Equipment is now AIS 125 certified up to Type D category and also EN1789 and 1865 certified, many of them being 20G Crash Tested.
The important medical devices like stretchers, spinal board, pick up stretchers, suction devices, and ventilators are now mounted with 10G crash certified device and its fixation systems are AIS 125 certified for patient safety, making Indian ambulances at per with international standards. Earlier EMS were being provided only with road ambulances but now we have fully equipped emergency medical helicopter transport and air ambulances equipped with vacuum mattresses, extrication devices, EMS kits, train transport and also specialized ambulances for rescue and transport purpose.

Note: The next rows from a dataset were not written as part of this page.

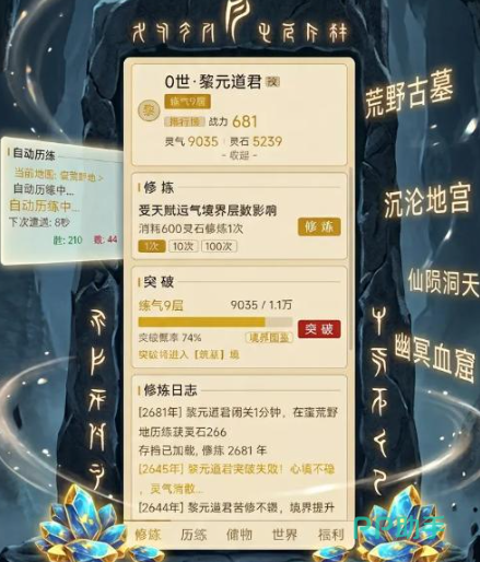 游戏巧妙融合暗黑系词缀系统与东方修仙境界体系,形成独特的内容架构。它不依赖炫目特效或复杂操作,而是以精准的文字叙事与扎实的数值演算构建沉浸感——玩家仿佛置身于一部动态演进的修真小说之中,从籍籍无名的凡俗修士起步,通过持续积累修为,逐层突破境界,最终叩响大罗金仙之门。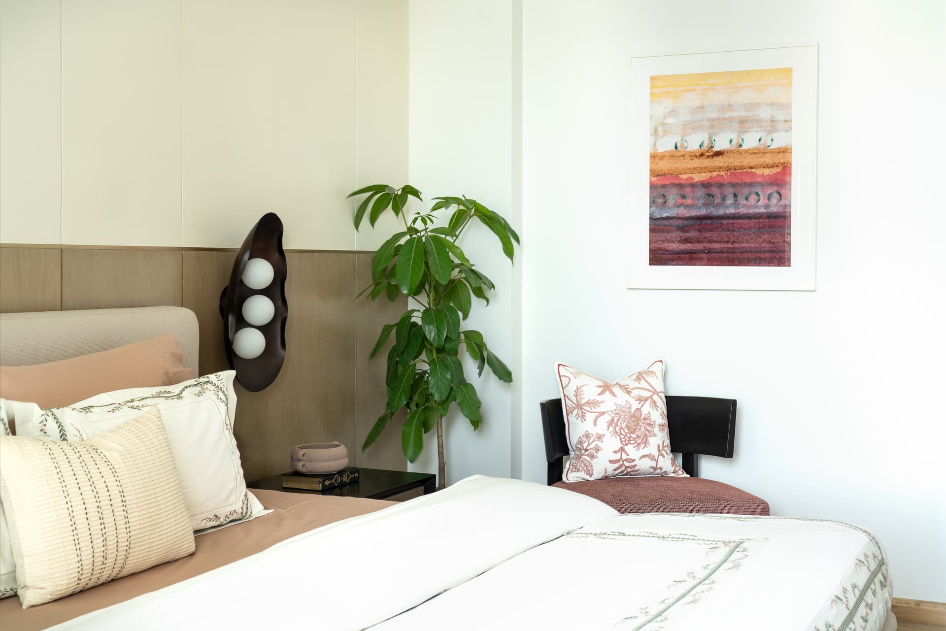 “The guiding inspiration for this abode was to create a tranquil ambience, expressed through various facets such as picturesque windows that enhance the interiors, the use of neutral hues infused with pops of colour to break visual monotony and bring cheer, and the incorporation of curved edges for an organic appeal. We also made minor structural changes to the home, experimented with a variety of materials and fabrics, blending them harmoniously while staying true to the space’s ethos,” says Priyanka Singh, Founder and Studio Head of Chalk Studio.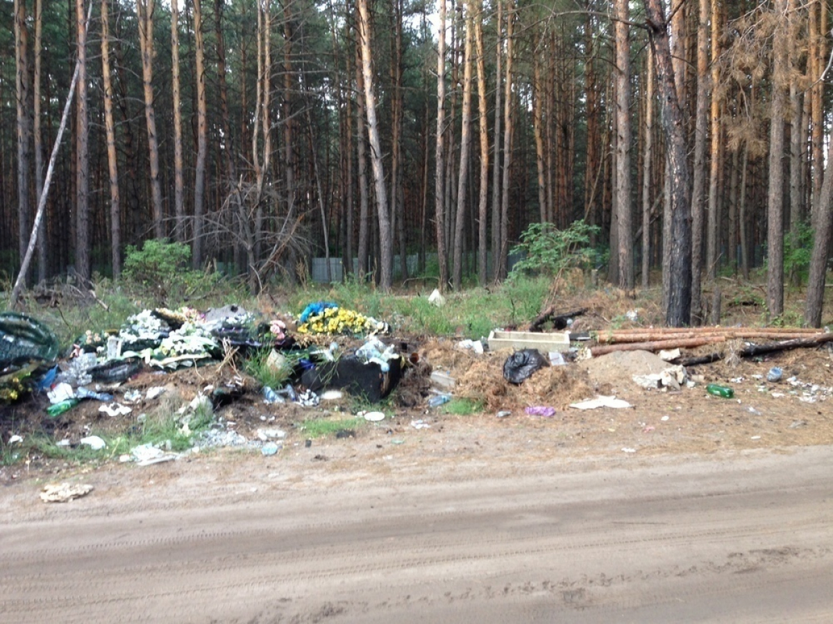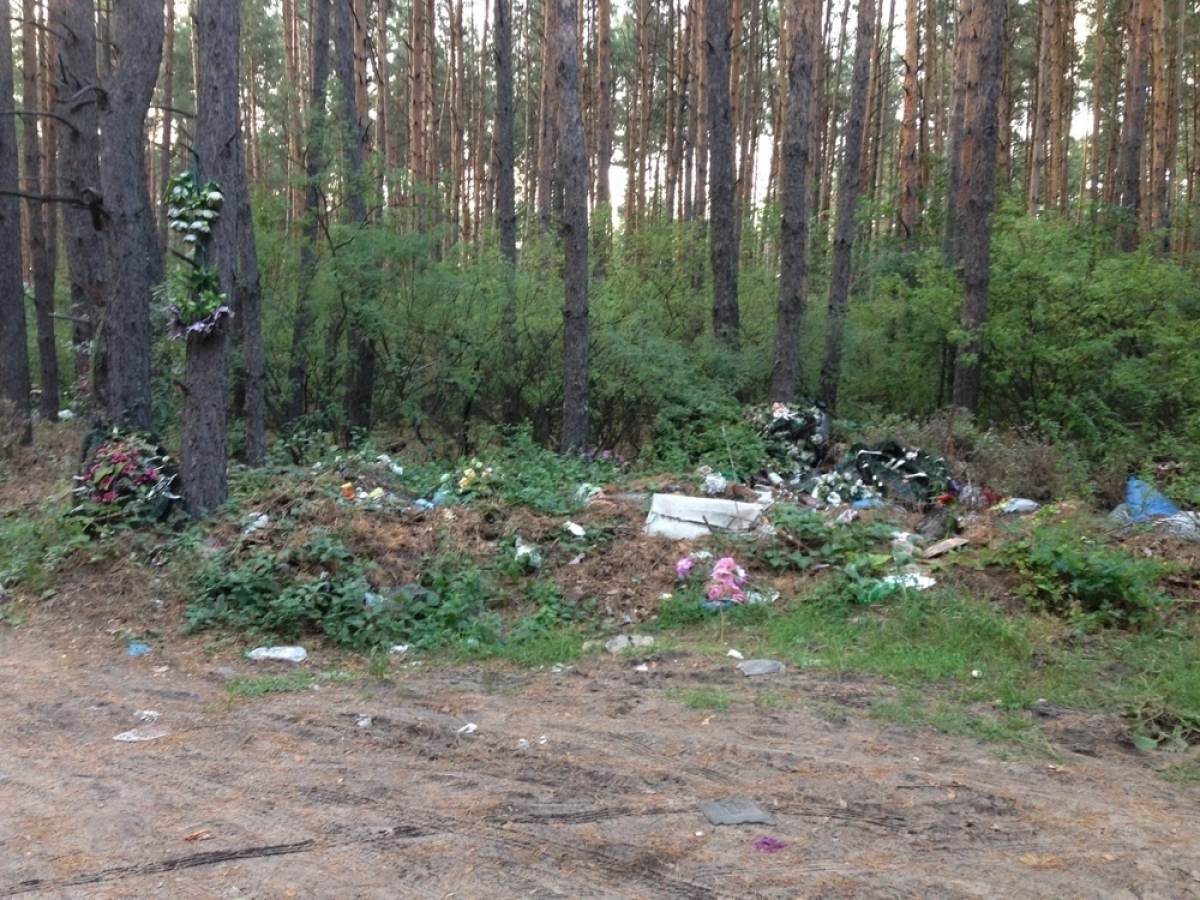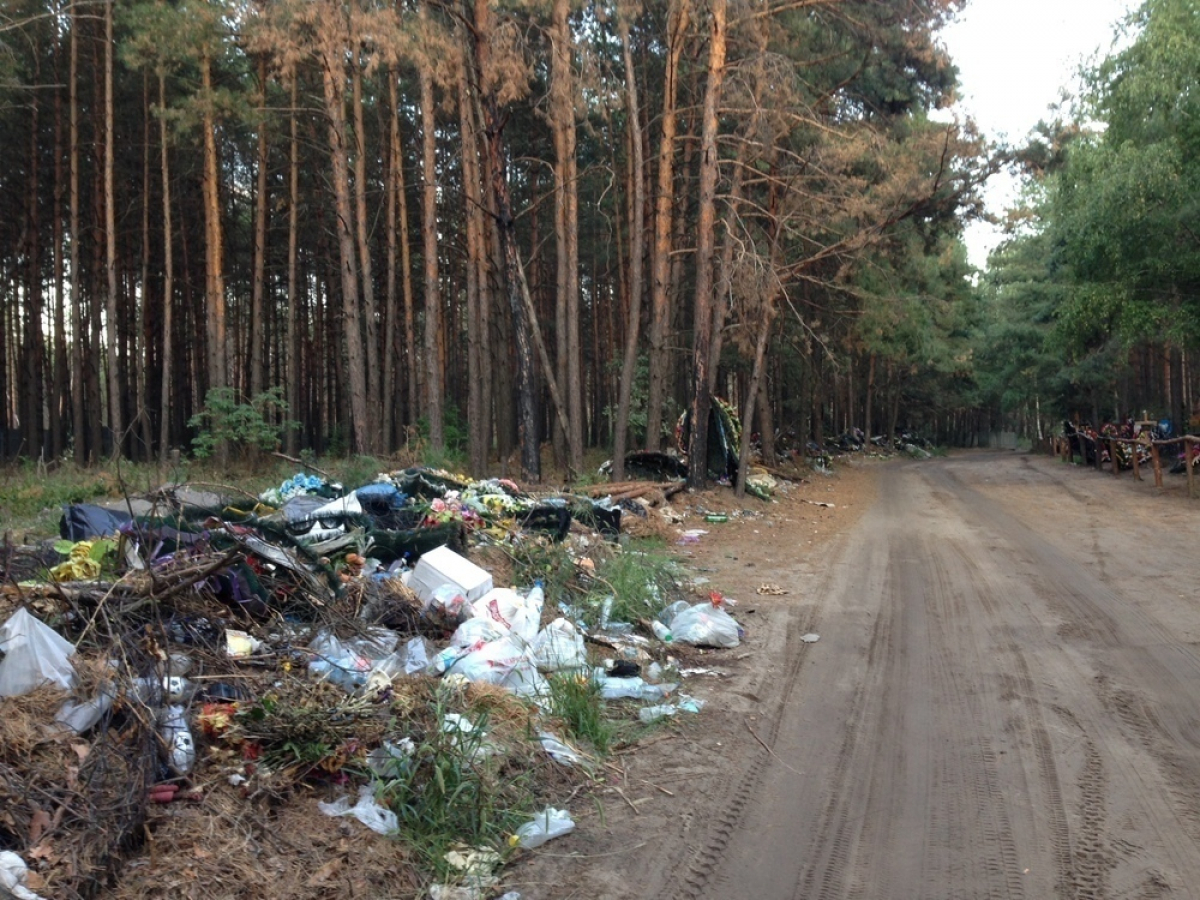 Наши журналисты отправились в микрорайон Подгорное. Посредине леса расположено небольшое кладбище. Его окружает высокий забор. Рядом с могилами находятся огромные горы мусора. Словно отходы не убирали несколько лет.

Motor cycle, which, use Cordura backpacks with AED, suction devices and handle cardiac, burns, first aid ambulances are used by healthcare groups and leading hospitals.
The proposed EMS for India would necessitate focus and improve on ambulance–operations and maintenance; call center; empaneled health facilities/hospitals; training; and innovative devices as AIS 125 to be used in EMS.
Now in India many EMS companies have an international level sales and service centers, training centers, specialists, warehousing in India with showrooms for information system and knowledge about EMS products and services.
Introduction of latest norms as AIS 125 ensure a mix of state-of-the-art devices that improve safety and reduce trouble for professionals in pre-hospitals EMS, this is why 10G is so important for ambulance.
The EMS systems in India is best described as fast developing.